Write out each entry below exactly. Do not include the images.

Items from a dataset ▸
○ ○ ○ ○

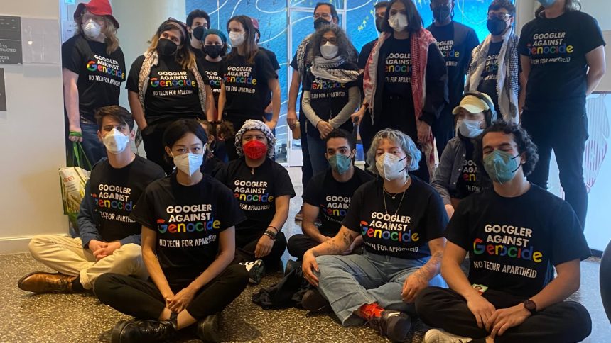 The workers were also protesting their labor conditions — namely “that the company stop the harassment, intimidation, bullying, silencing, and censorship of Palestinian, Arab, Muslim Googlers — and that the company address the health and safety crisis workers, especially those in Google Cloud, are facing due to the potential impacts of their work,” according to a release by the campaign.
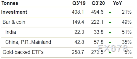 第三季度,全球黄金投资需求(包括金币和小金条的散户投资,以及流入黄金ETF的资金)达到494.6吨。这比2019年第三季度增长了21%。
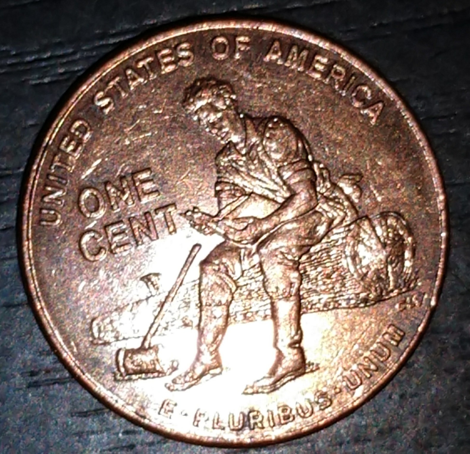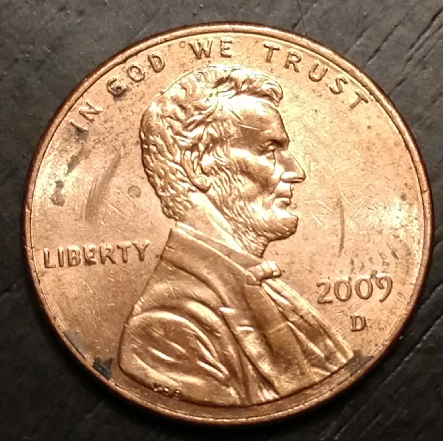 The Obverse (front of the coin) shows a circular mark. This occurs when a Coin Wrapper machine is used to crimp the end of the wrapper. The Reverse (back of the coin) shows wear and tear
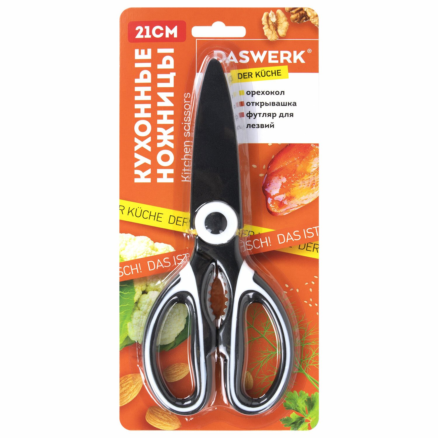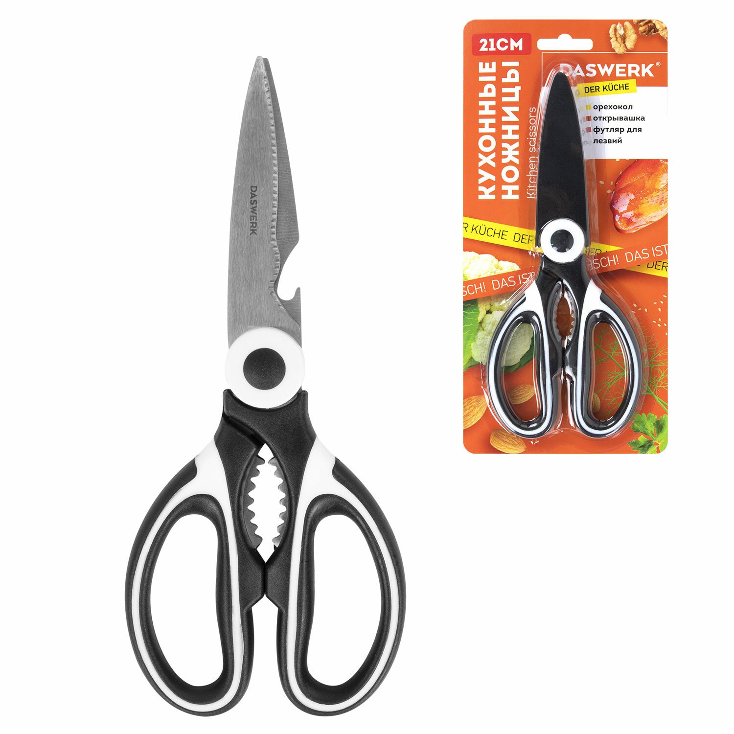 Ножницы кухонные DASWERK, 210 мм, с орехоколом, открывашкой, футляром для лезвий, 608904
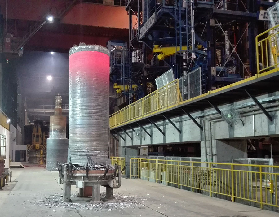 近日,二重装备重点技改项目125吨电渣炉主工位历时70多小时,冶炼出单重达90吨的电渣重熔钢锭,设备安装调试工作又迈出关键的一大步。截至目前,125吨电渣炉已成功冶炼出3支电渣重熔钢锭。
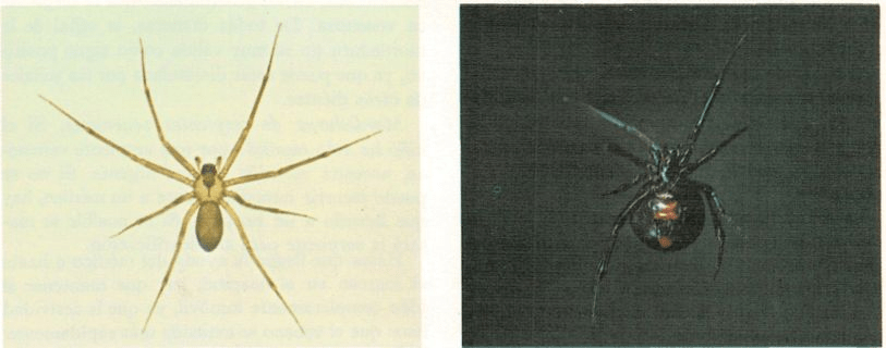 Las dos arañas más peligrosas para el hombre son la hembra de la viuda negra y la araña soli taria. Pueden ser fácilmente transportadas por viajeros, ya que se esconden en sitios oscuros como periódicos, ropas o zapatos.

○ ○ ○ ○

WRITTEN SOLUTION ▸
 The workers were also protesting their labor conditions — namely “that the company stop the harassment, intimidation, bullying, silencing, and censorship of Palestinian, Arab, Muslim Googlers — and that the company address the health and safety crisis workers, especially those in Google Cloud, are facing due to the potential impacts of their work,” according to a release by the campaign.
 第三季度,全球黄金投资需求(包括金币和小金条的散户投资,以及流入黄金ETF的资金)达到494.6吨。这比2019年第三季度增长了21%。
 The Obverse (front of the coin) shows a circular mark. This occurs when a Coin Wrapper machine is used to crimp the end of the wrapper. The Reverse (back of the coin) shows wear and tear
 Ножницы кухонные DASWERK, 210 мм, с орехоколом, открывашкой, футляром для лезвий, 608904
 近日,二重装备重点技改项目125吨电渣炉主工位历时70多小时,冶炼出单重达90吨的电渣重熔钢锭,设备安装调试工作又迈出关键的一大步。截至目前,125吨电渣炉已成功冶炼出3支电渣重熔钢锭。
 Las dos arañas más peligrosas para el hombre son la hembra de la viuda negra y la araña soli taria. Pueden ser fácilmente transportadas por viajeros, ya que se esconden en sitios oscuros como periódicos, ropas o zapatos.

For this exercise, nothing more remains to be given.